Feeling a bit sad because the last 4 posts I have commented on are single mothers beating themselves up because they are not perfect. When it's actually the dads who have upped and left. It's so hard for single mums.

3luckystars · 30/09/2024 07:26

I would go back to the UK. It’s the girls home and their dad surely will want some contact. That’s just what I would do, if you know it’s a mistake you can undo it at this stage.
you made the decision in a time of great chaos, you are doing your best, onwards and upwards now.
Good luck

ThatshallotBaby · 30/09/2024 07:32

I agree @Lentilweaver

AW24 · 30/09/2024 07:40

If you weigh up the pros and cons of both, which one has less cons?
You're decision needs to be for you and kids, not family or DexH

DilemmaDelilah · 30/09/2024 07:58

I think you need to base your decision as if you have no input from your XH. You can't rely on him, so how would it work if he didn't do what he says he will do. Where would you live. Could you get a job. What would school, childcare, transport etc. be like in the type of area you would probably be living in. Then you need to compare that with the situation where you are living now - if you did not have support from your mother. If she becomes unwell she would not be able to provide childcare and you might even find yourself needing to provide care for her as well. You might well want to do that and it should be a consideration when making your decision.
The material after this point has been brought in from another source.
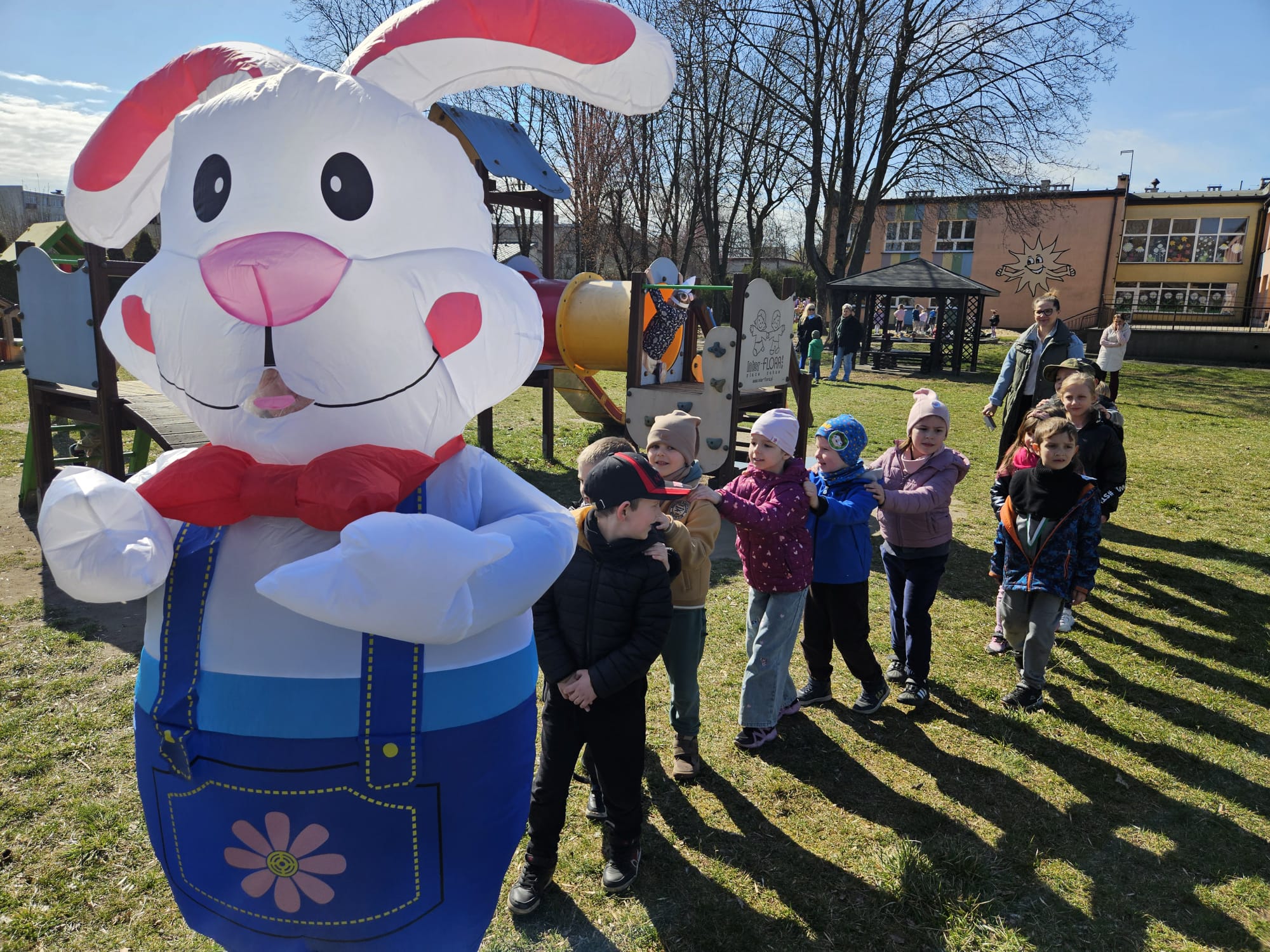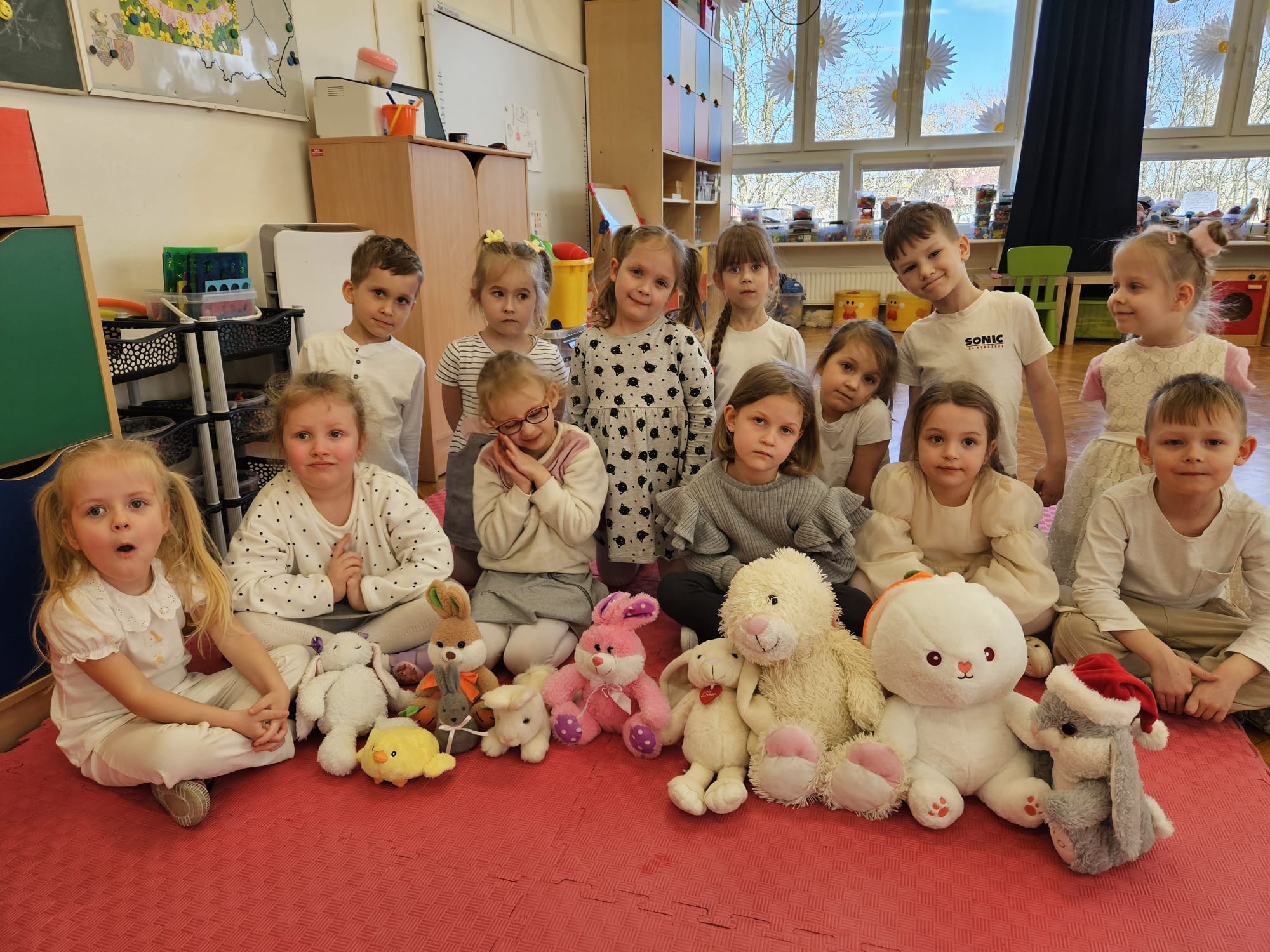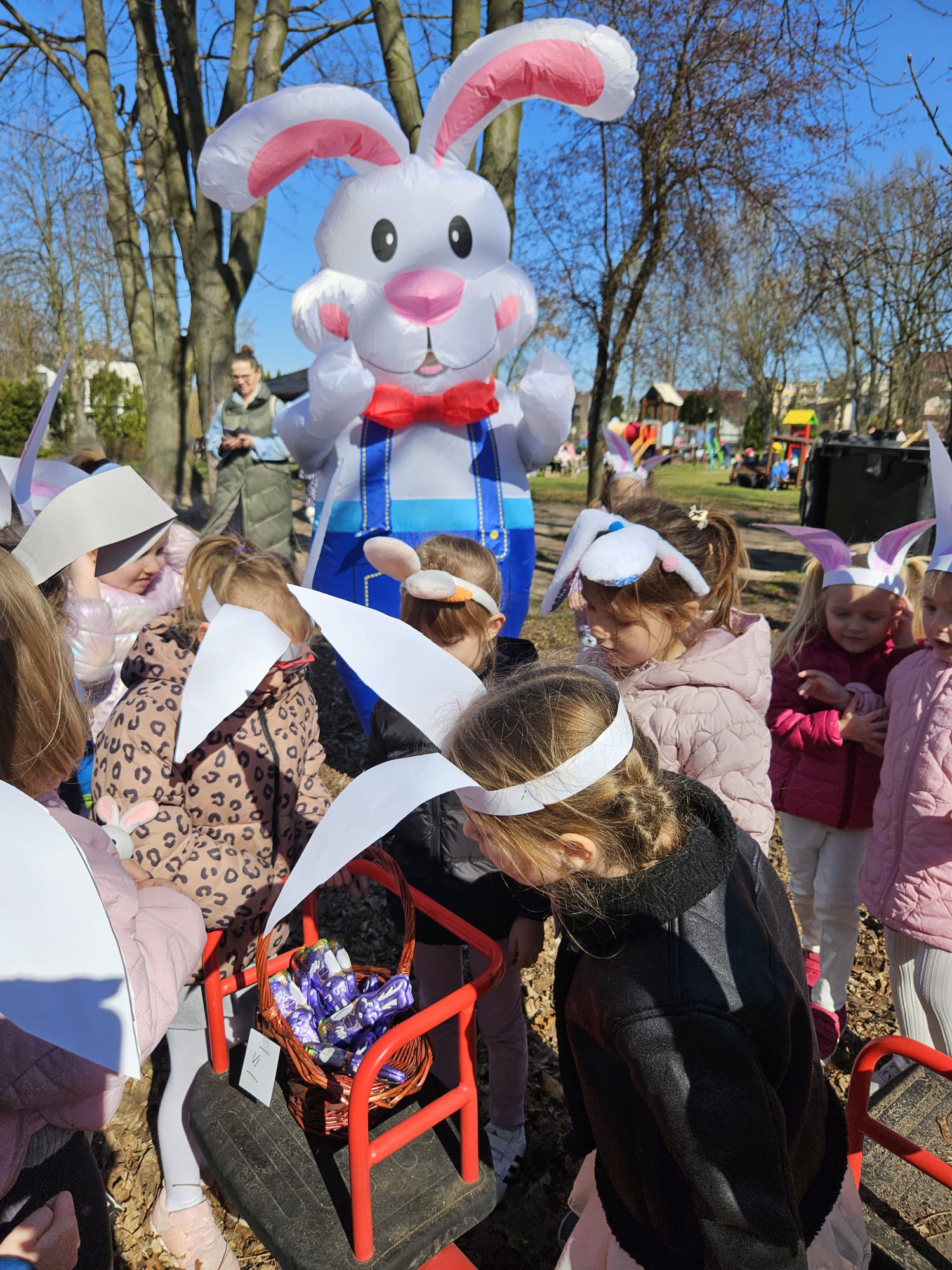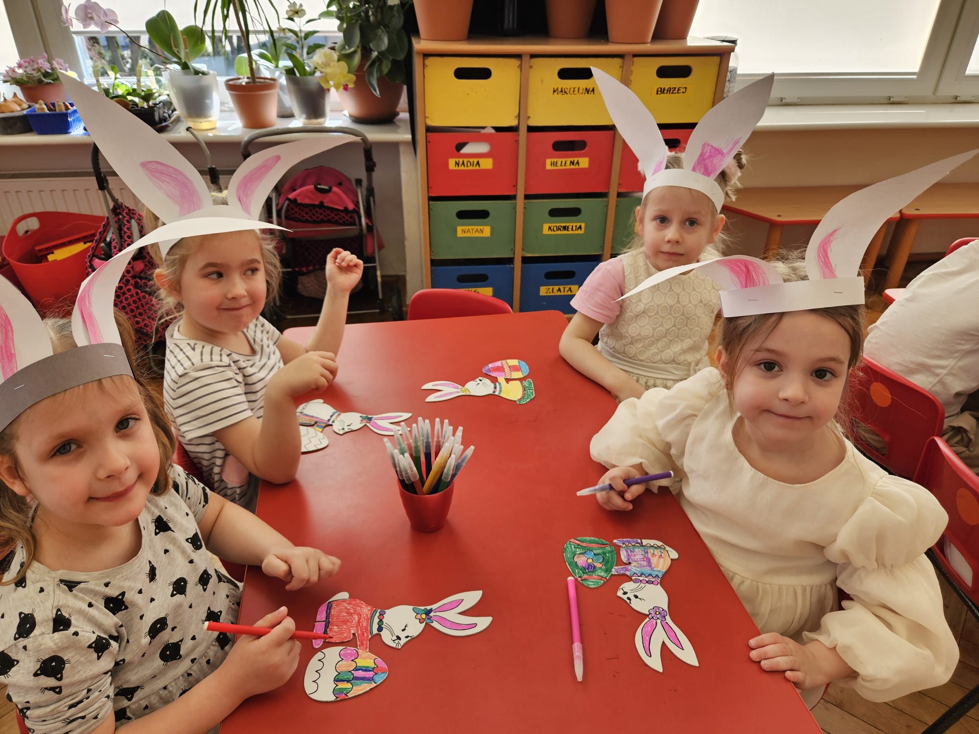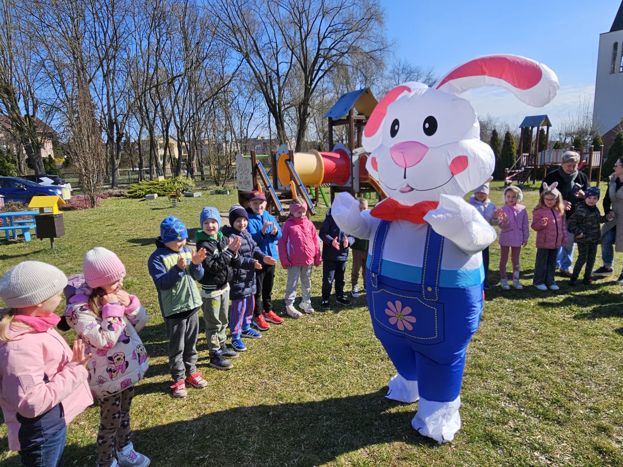 Do przedszkola razem z nami zawitały pluszaki zajączki. Sami próbowaliśmy upodobnić się do zajączków. Do naszych białych i szarych kolorów ubrań dorobiliśmy opaski z uszami i zamiast przedszkolaków biegały zające. Czekaliśmy na naszego Zajączka Wielkanocnego w ogrodzie przedszkolnym. Razem z nim rozwiązywaliśmy zagadki i szukaliśmy ukrytych koszyczków ze słodkościami. Była świetna zabawa. Potem wszyscy rozbiegliśmy się po ogrodzie. W salach kolorowaliśmy zajączki.

Nobody can make your choice for you, but we can help you think about the things you need to consider.

Singleandproud · 30/09/2024 08:04

On terms of transport are you allowed to buy a car in a cheaper country and drive it to Italy? I have no knowledge of the legalities of that but if you can that would solve one problem

SoNiceToComeHomeTo · 30/09/2024 08:07

There were a lot of good reasons for moving abroad but the situation doesn’t sound good. It’s very hard financially and your mum is exhausted helping and will only get older and more tired if you stay. How about sorting out the house sale asap and deciding when you have the money in your bank whether
to
move?

diddl · 30/09/2024 08:19

Tbh from what you've written I'd be veering towards moving back.

That said-if your ex reneges on his promises, what then?

You need to be able to manage in UK without him!

Bthebestucanb · 30/09/2024 08:20

Everyone makes mistakes & nobody is perfect. We would all love to bring our children up in a world where everything is stable and nothing changes. The reality is this is highly unlikely. Please don't feel guilty if you decide to return to the UK. Children are more adaptable than we give them credit for & they would get used to it. The decision of course is entirely yours.